- **What you need to do**
Extract every line between the one with "family posing for camera on brooklyn bridge" and the end of the entries, both included, word for word and free of pictures.

- **Source information**
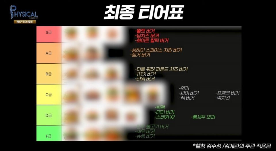 [기타]김계란 선정 햄버거 티어표.jpg 작성자(본인닉네임)테디베어|작성시간23.03.10|조회수62,062 목록 댓글 37 글자크기 작게가 글자크기 크게가 출처 : 여성시대 (본인 닉네임)테디베어 다음검색 현재 게시글 추가 기능 열기 북마크 공유하기 신고 센터로 신고 댓글 댓글 37 댓글쓰기 답글쓰기 댓글 리스트 작성자이름도귀여워굴레 | 작성시간 23.03.10 감자튀김 왜요 작성자까만양배추 | 작성시간 23.03.10 더쿼파가 비급이라니 니가 뭘 안다고 작성자체공녀 강주룡 | 작성시간 23.03.10 화갈 개존맛 작성자모노아민 | 작성시간 23.03.10 와퍼가 B급인것도 말 안된다고 하면서 아래 봤더니 통새우와퍼 C급? 진짜 미각이 잘못된 맛알못이네 작성자마늘광공 | 작성시간 23.03.16 빵 대신 노 번으로 야채번 하면 감튀 먹어도 되나요... 댓글 전체보기
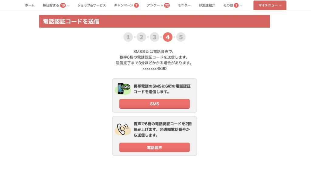 私は携帯電話のSMSに6桁の電話認証コードを送信するを選択しました。
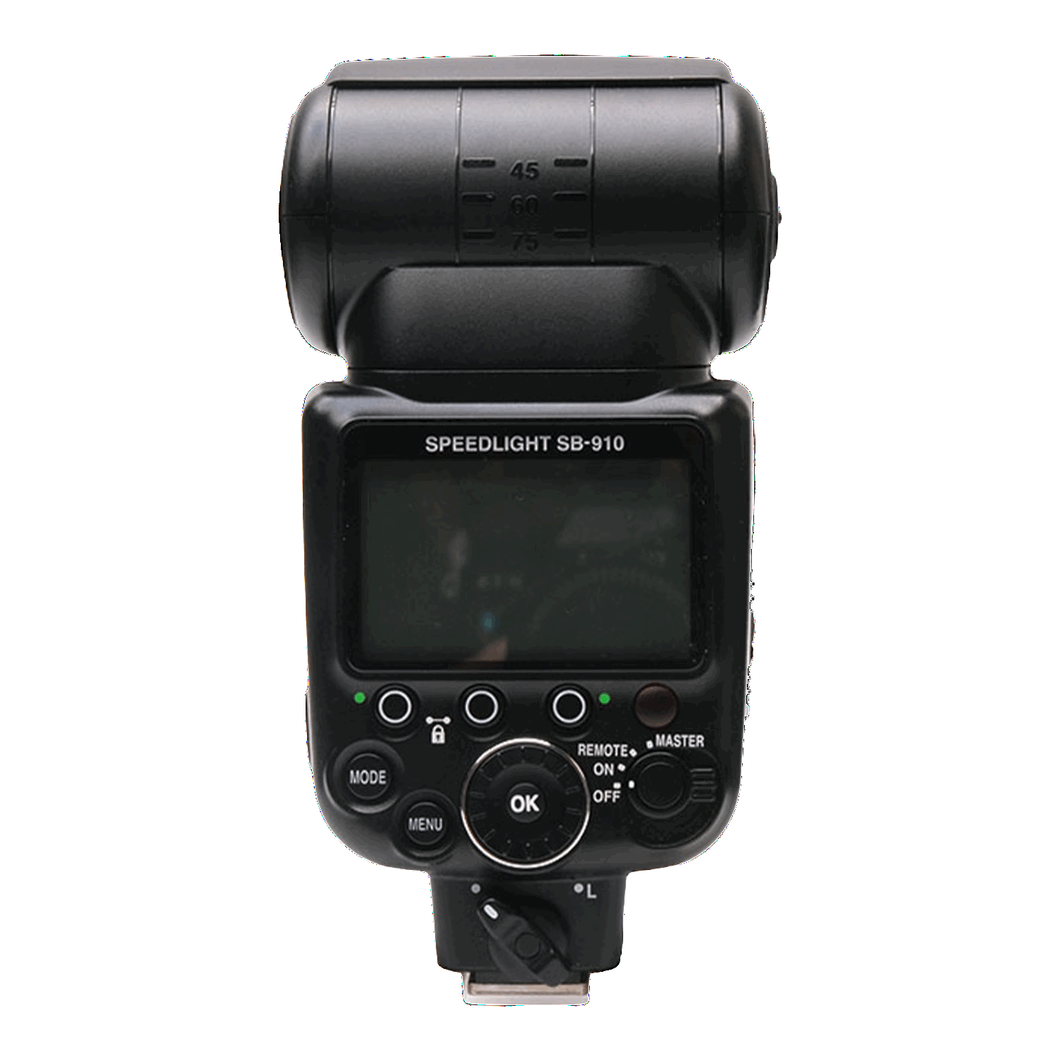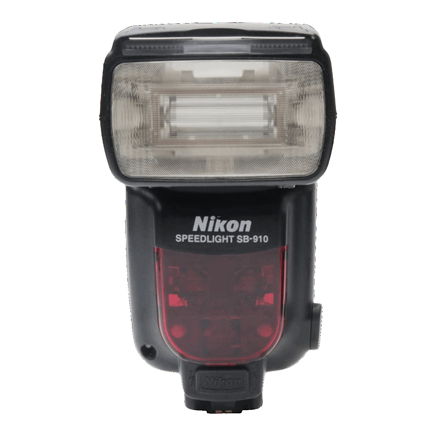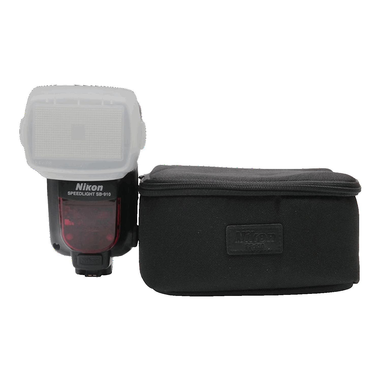 This Nikon Speedlight SB-910 Flash, #2275609, is in great condition with minor handling wear. I rate it cosmetically a (9). The flash is in proper working order and ready to be used; it fires and the battery compartment is corrosion-free. This flash includes a padded Nikon case, a tabletop stand, slip-on diffuser, and orange & green filters. The flash uses four (4) AA batteries (not included). Please refer to the photos for details.
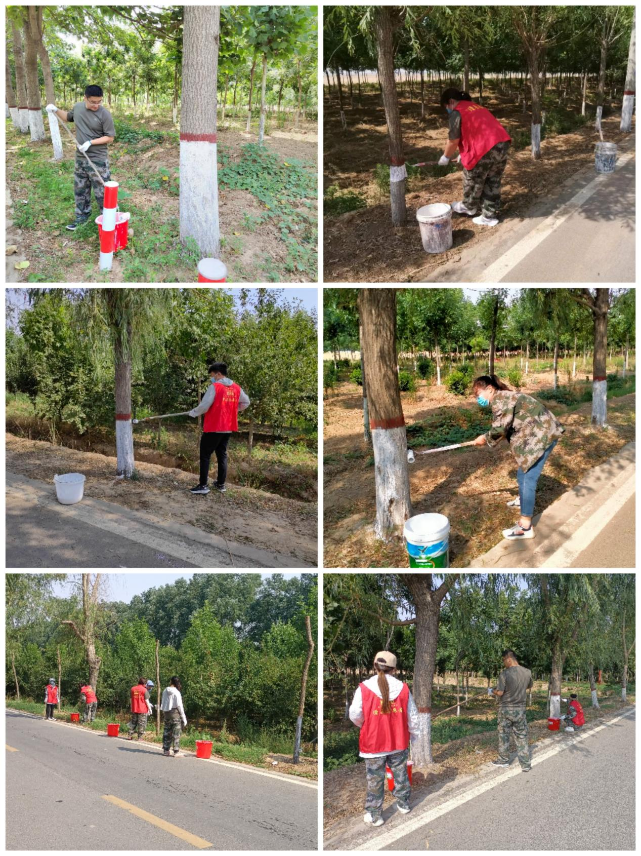大家分工合作、干劲十足,积极投入到粉刷树木活动中。拿着刷子、提着桶子……每个人脸上都洋溢着劳动的喜悦。
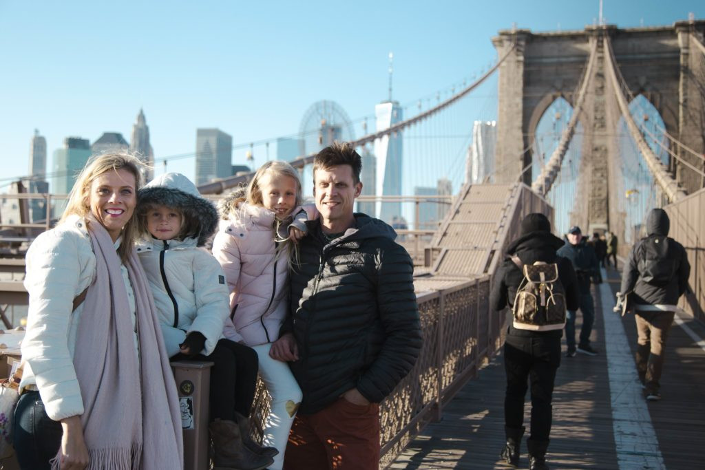 family posing for camera on brooklyn bridge
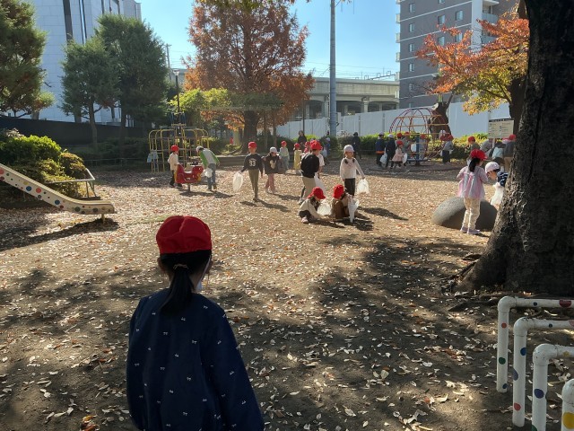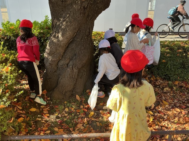 公園には、赤やオレンジ、黄色など、色とりどりの葉が落ちていました。子どもたちは嬉しそうに拾ったり遊んだりしました。音や匂いからも秋を感じている様子でした。
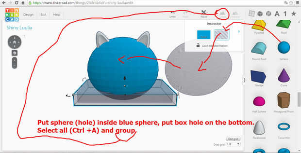 Poner el agujero de la caja en la parte inferior de la esfera azul - hará estable.

- **Reply**
 family posing for camera on brooklyn bridge
 公園には、赤やオレンジ、黄色など、色とりどりの葉が落ちていました。子どもたちは嬉しそうに拾ったり遊んだりしました。音や匂いからも秋を感じている様子でした。
 Poner el agujero de la caja en la parte inferior de la esfera azul - hará estable.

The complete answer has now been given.